WHAT THE EXERCISE ASKS
Please give the listing again in full, leaving out its images.

LISTED RECORDS
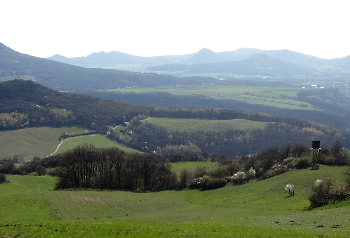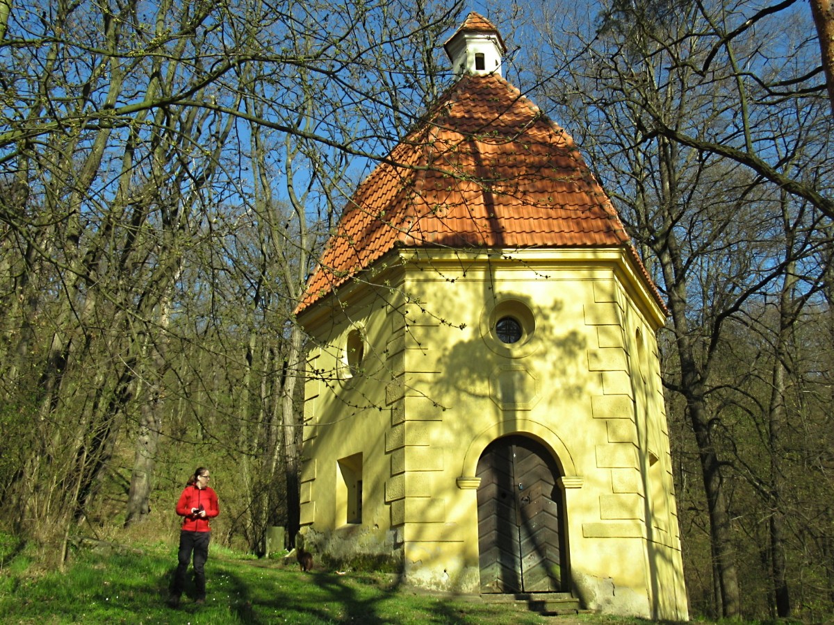 Šli jsme procházkou tichým lesem bez lidí, po zelených loukách, vzácné ptáky zde žijící jsme bohužel neviděli, ale cestou jsme potkali tři koníky. Dcera je všechny znala, krásný hafling se nechal hladit, všude rostly lesní kytičky. Cílem naší procházky byla již zmíněná kaplička. Kdysi jsme tam s mužem byli na procházce, ale tentokrát nás naše milující dcera protáhla opravdu celým kopcem. Připadala jsem si jako oslík ve Shrekovi. Na otázku, zda už tam budeme, byla vždy stejná odpověď. Jo, ještě kousek. Nakonec jsme kapličku našli, důchodci si postěžovali na bolesti nohou, ale výhled na Středohoří to napravil. Bohužel, bylo trochu mlžno, ale Lovoš - tam jsem byla pracovně, Kamýk - tam se určitě podíváme a Milešovka - tak tu vzdávám, vidět byly. Ledové jámy tentokrát byly bez sněhu, chladno se nekonalo, ale hezky tam bylo.
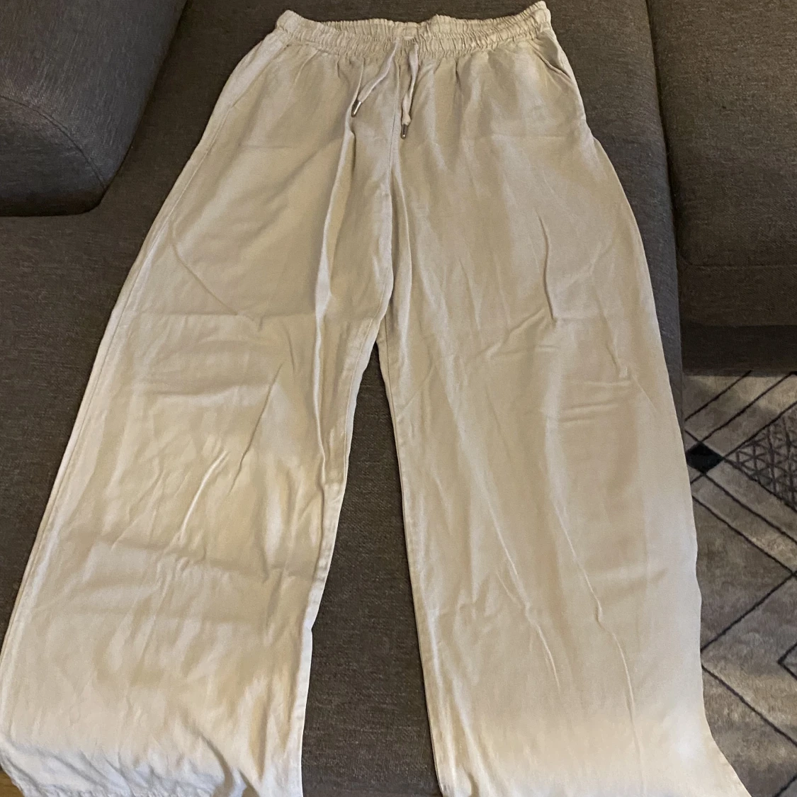 Linnebyxor i storlek 38. Har slitningar, därav priset. Frakt tillkommer.
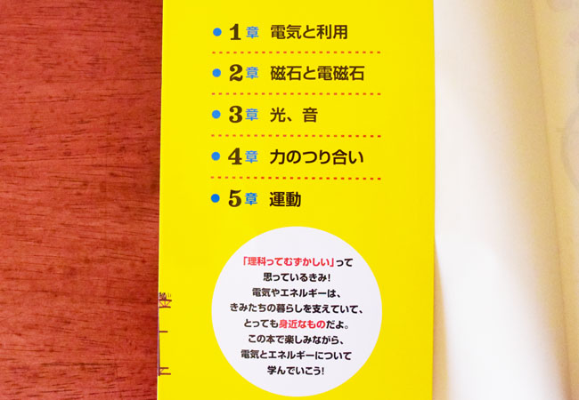 内容は5章に分かれていて、電気関係は始めの方にまとめられています。後半は力や運動に関してです。
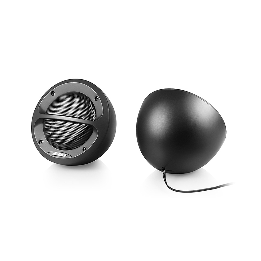 Màng loa được thiết kế hình tròn cách điệu giống bóng đèn tròn xe hơi, vỏ nhựa sang trọng và tinh tế, dễ dàng để trên bàn làm việc mà không chiếm nhiều diện tích.
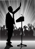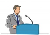 Polityk wydajność przy mikrofonie karykatura ilustracja wektorowa.
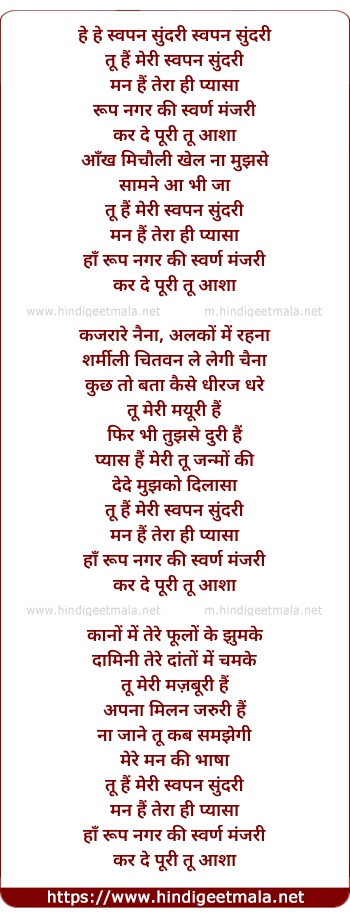 Lyrics of Swapna Sundaree - स्वपन सुंदरी
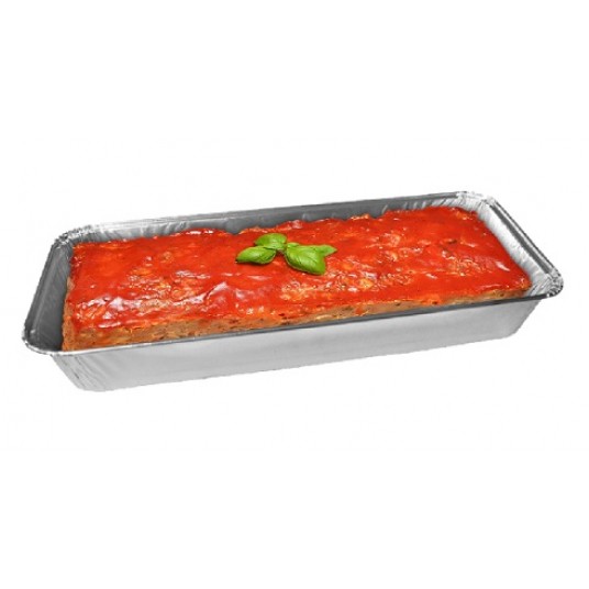 Wymiary w mm (dł; szer; wys): 259x116x28. Foremka aluminiowa, gładka, 650 ml pojemności. Obrzeże w kształcie litery G -bez dekla. Pakowana po 100sztuk, 14 opakowań w kartonie, czyli 1400sztuk.

RESPONSE TO THIS EXERCISE
 Šli jsme procházkou tichým lesem bez lidí, po zelených loukách, vzácné ptáky zde žijící jsme bohužel neviděli, ale cestou jsme potkali tři koníky. Dcera je všechny znala, krásný hafling se nechal hladit, všude rostly lesní kytičky. Cílem naší procházky byla již zmíněná kaplička. Kdysi jsme tam s mužem byli na procházce, ale tentokrát nás naše milující dcera protáhla opravdu celým kopcem. Připadala jsem si jako oslík ve Shrekovi. Na otázku, zda už tam budeme, byla vždy stejná odpověď. Jo, ještě kousek. Nakonec jsme kapličku našli, důchodci si postěžovali na bolesti nohou, ale výhled na Středohoří to napravil. Bohužel, bylo trochu mlžno, ale Lovoš - tam jsem byla pracovně, Kamýk - tam se určitě podíváme a Milešovka - tak tu vzdávám, vidět byly. Ledové jámy tentokrát byly bez sněhu, chladno se nekonalo, ale hezky tam bylo.
 Linnebyxor i storlek 38. Har slitningar, därav priset. Frakt tillkommer.
 内容は5章に分かれていて、電気関係は始めの方にまとめられています。後半は力や運動に関してです。
 Màng loa được thiết kế hình tròn cách điệu giống bóng đèn tròn xe hơi, vỏ nhựa sang trọng và tinh tế, dễ dàng để trên bàn làm việc mà không chiếm nhiều diện tích.
 Polityk wydajność przy mikrofonie karykatura ilustracja wektorowa.
 Lyrics of Swapna Sundaree - स्वपन सुंदरी
 Wymiary w mm (dł; szer; wys): 259x116x28. Foremka aluminiowa, gładka, 650 ml pojemności. Obrzeże w kształcie litery G -bez dekla. Pakowana po 100sztuk, 14 opakowań w kartonie, czyli 1400sztuk.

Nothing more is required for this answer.